В дальнем углу кабинета, зажавшись в покойное мягкое кресло, барственно хихикнул Ошаров. Он приехал из Красноярска за своей семьей и чувствовал теперь себя среди шиверцев, как Гулливер среди лилипутов.
— Павлу Георгиевичу принадлежит в городе высшая военная власть, как он сам определил это, — проговорил Ошаров с оттенком презрения в голосе. — Думает ли Павел Георгиевич возможное революционное восстание, рабочих встретить здесь с наличными силами?

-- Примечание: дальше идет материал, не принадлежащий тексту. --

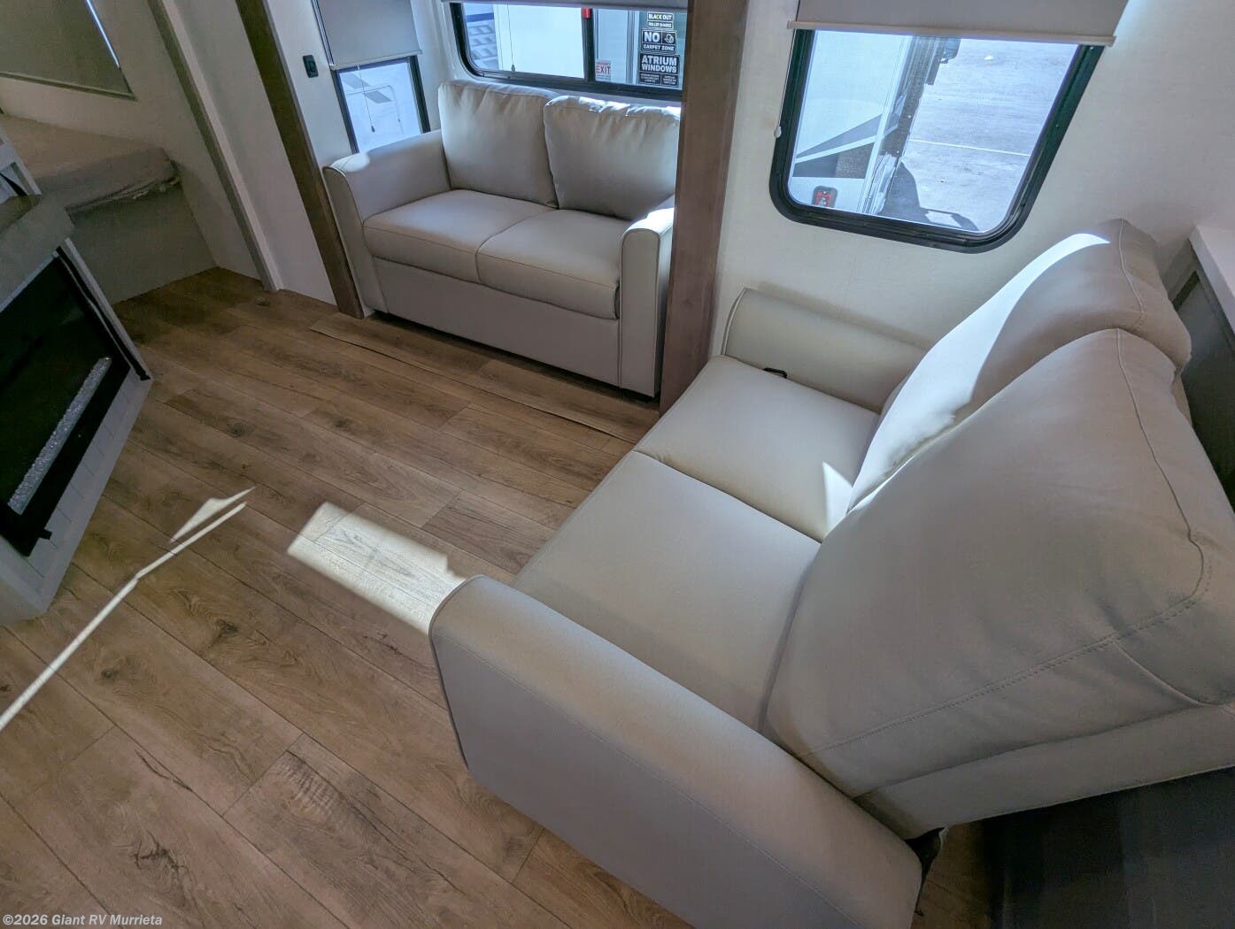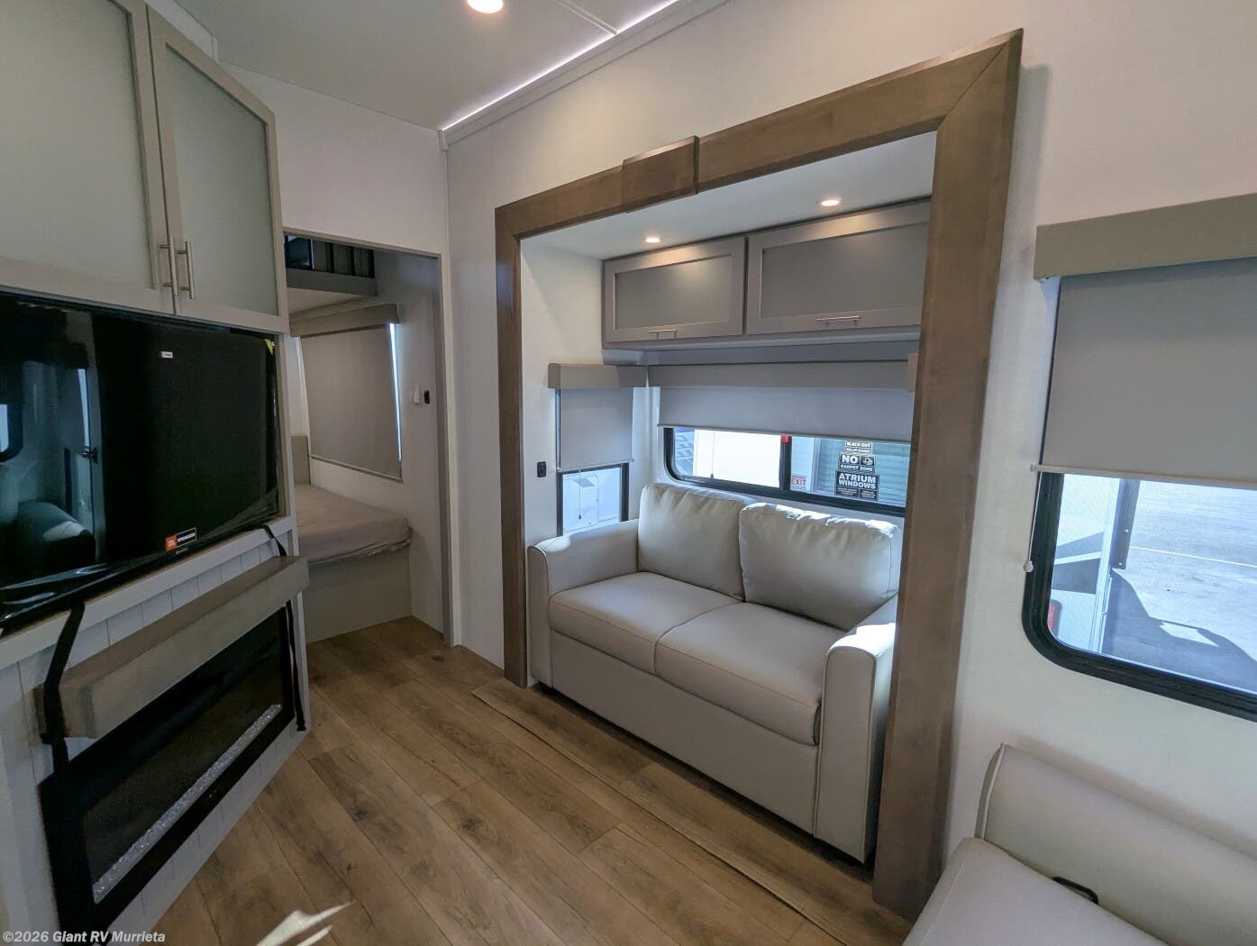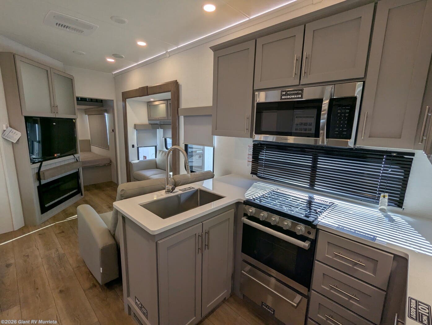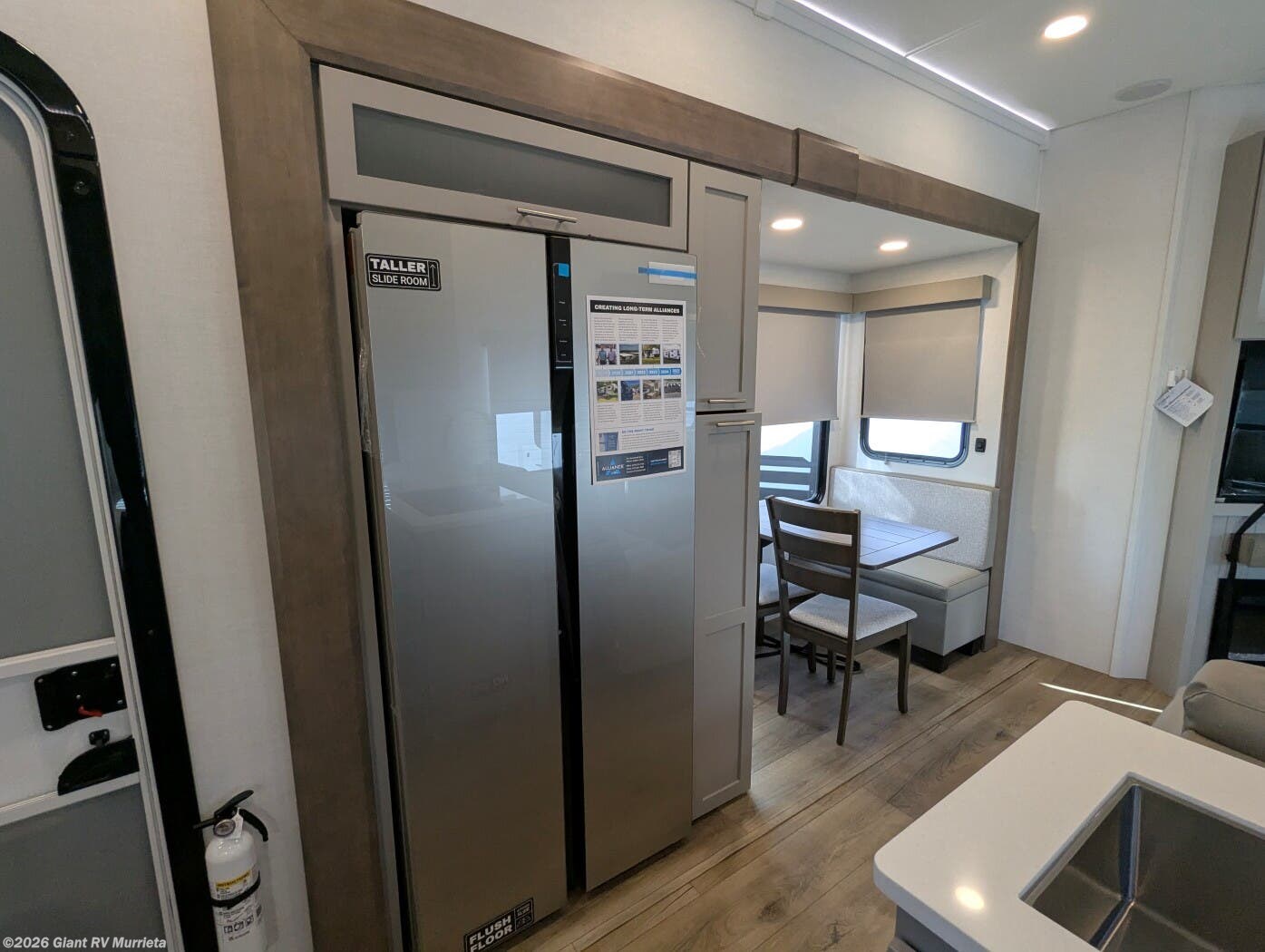 - Open-Concept Living & Kitchen: Enjoy solid surface countertops, residential refrigerator, theater seating, tri-fold sleeper sofa, fireplace, and panoramic windows in the Alliance RV living area for relaxed entertainment.
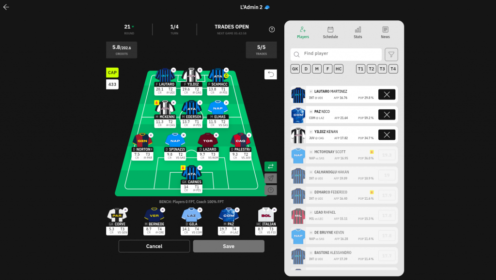 Good luck to all Fantasy Serie A managers: see you before Round 22, hopefully higher in the standings!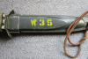 Biete hier dieses originale US M3 Trench Knife Kampfmesser aus dem Jahre 1943 an, komplett mit der dazugehörigen M8A1 Scheide, diese mit dem Hersteller: PWH, der Messergriff besteht auch gepressten Lederringen, die Scheide zusätzlich mit der schablonierten Aufschrift „W 3 5“, sowie unten mit einer viereckigen Lederschnur zur Beinbefestigung. Die Klinge in perfekter Erhaltung, und schön gestempelt mit der Bezeichnung „US M3 1943“, Klingenlänge ca. 17cm, Gesamtlänge ca. 32cm. Insgesamt sehr guter Originalzustand, siehe auch die Fotos dazu. Fragen hierzu gerne per email, allen Bietern viel Erfolg. Auslandsversand nach vorheriger Anfrage möglich.
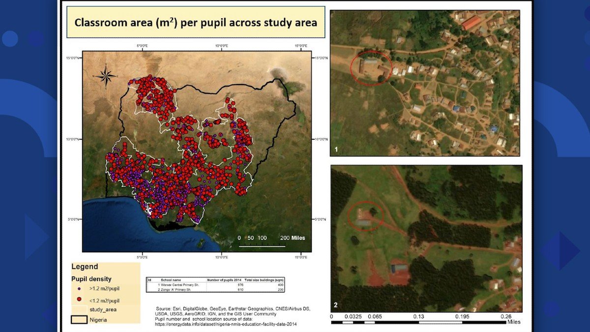 “This study examines the use of satellite Earth Observation (EO) to assess pupil density in primary schools in rural areas of Nigeria,” explains Ana. “EO satellite images help us determine the size of available teaching spaces. This information is coupled with a government database of enrolled pupil numbers in schools.

— Насчет восстания — не пугай, — сказал Баранов.
— О нем во всех листовках пишут. Какие у вас гарантии? — еще более занозисто заявил Ошаров. — Восстаний может не быть только там, где много штыков и сабель. Я спрашиваю Павла Георгиевича: думает ли он любые события встретить с наличными силами? И особенно после того, как рядом с рабочими видели уже солдат.
— Солдаты рядом с рабочими — это, так сказать, случайность, — трясясь от злости, выкрикнул Киреев, — а вы… вы нарушили субординацию и донесли войсковому атаману через мою голову о своих победах. Присвоили себе все. И добились перевода в Красноярск, оголив так называемую защиту Шиверска…
— Не намерен с вами пререкаться, Павел Георгиевич, — невозмутимо отозвался Ошаров, — тем более что в том деле вы сами официально и письменно поручили командовать мне. Остальное — воля и внимание высшего начальства. А я говорил, говорю и буду говорить ото всей почтенной публики: как вы готовы здесь бороться с революционерами после того, что на ваших глазах солдаты помогали рабочим? Как вы готовы встретить любые события?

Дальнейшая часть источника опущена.